The Fed kept the "terminal rate," or the rate at which its benchmark fed funds rate will peak, unchanged from the last estimate in December at 5.1%, equivalent to a target range of 5%-5.25%. The central bank on Wednesday took the benchmark rate a quarter percentage point higher to a range between 4.75%-5%.
The so-called dot plot, which the Fed uses to signal its outlook for the path of interest rates, indicates that a majority of officials, 10 out of 18 members, expect only one more rate hike by the end of this year. Seven Fed officials see rates going higher than the 5.1% terminal rate.
For 2024, the rate-setting Federal Open Market Committee projected that rates would fall to 4.3%, slightly higher than its December estimate of 4.1%.
Here are the Fed's latest targets:
The latest forecast came amid the spreading banking chaos that sent markets onto a roller coaster in March. The Fed and other regulators stepped in with emergency actions to safeguard depositors at failed banks, but concerns still linger about a run in deposits at some regional banks.

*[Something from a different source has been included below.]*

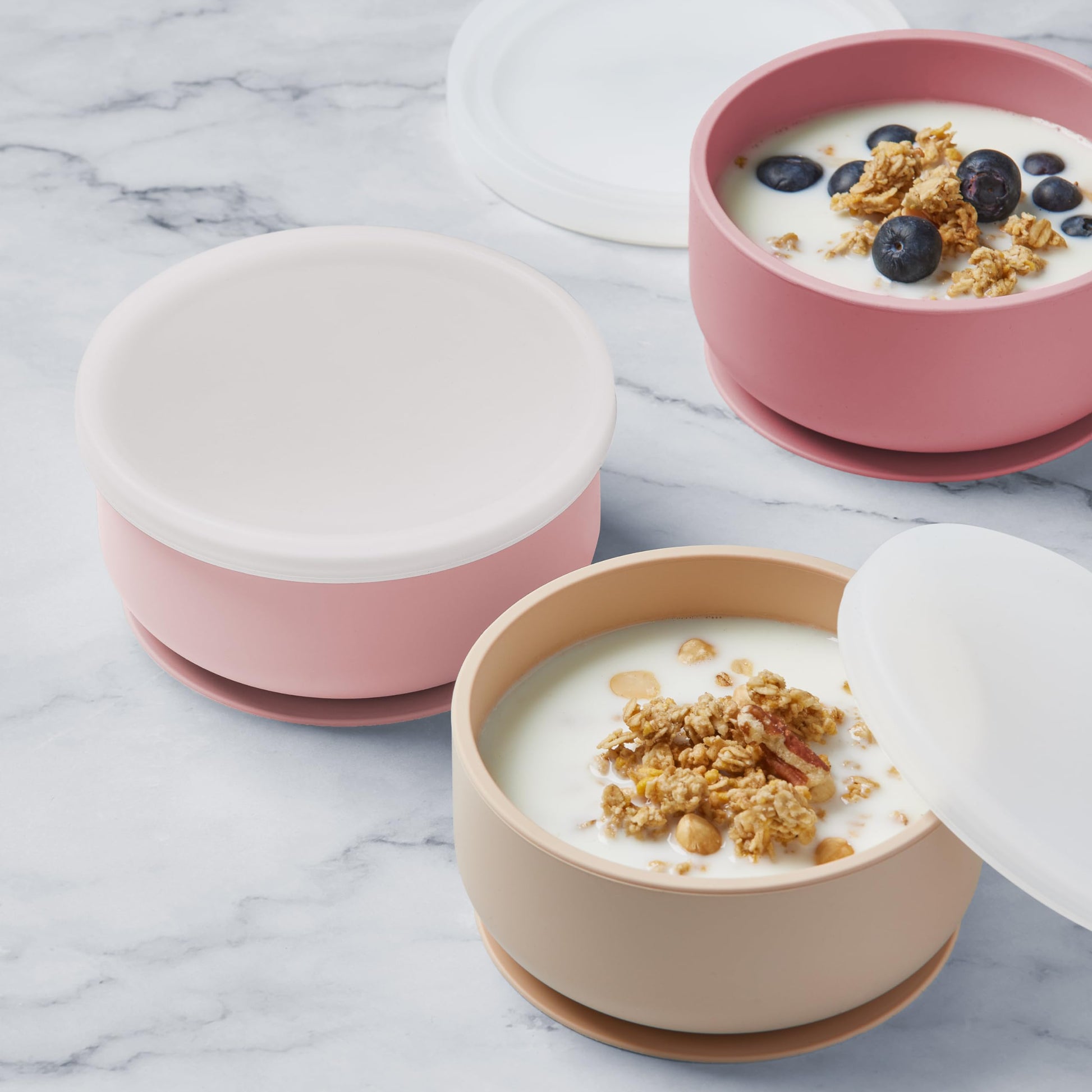 - Tazones de silicona para bebés con juego de succión | Incluye 6 piezas, perfectos para bebés de 6 meses en adelante; 3 ventosas con tapa transparente.

Fed Chairman Jerome Powell said the market is getting it wrong when it prices in rate cuts later this year.
"Participants don't see rate cuts this year. They just don't," Powell said in a press conference Wednesday.
Fed officials also updated their economic projections. They slightly hiked their expectations for inflation, with a 3.3% rate pegged for 2023, compared with 3.1% in December. Unemployment was lowered to 4.5%, while the outlook for GDP nudged down to 0.4%.
The estimates for the next two years were little changed, except the GDP projection in 2024 came down to 1.2% from 1.6% in December.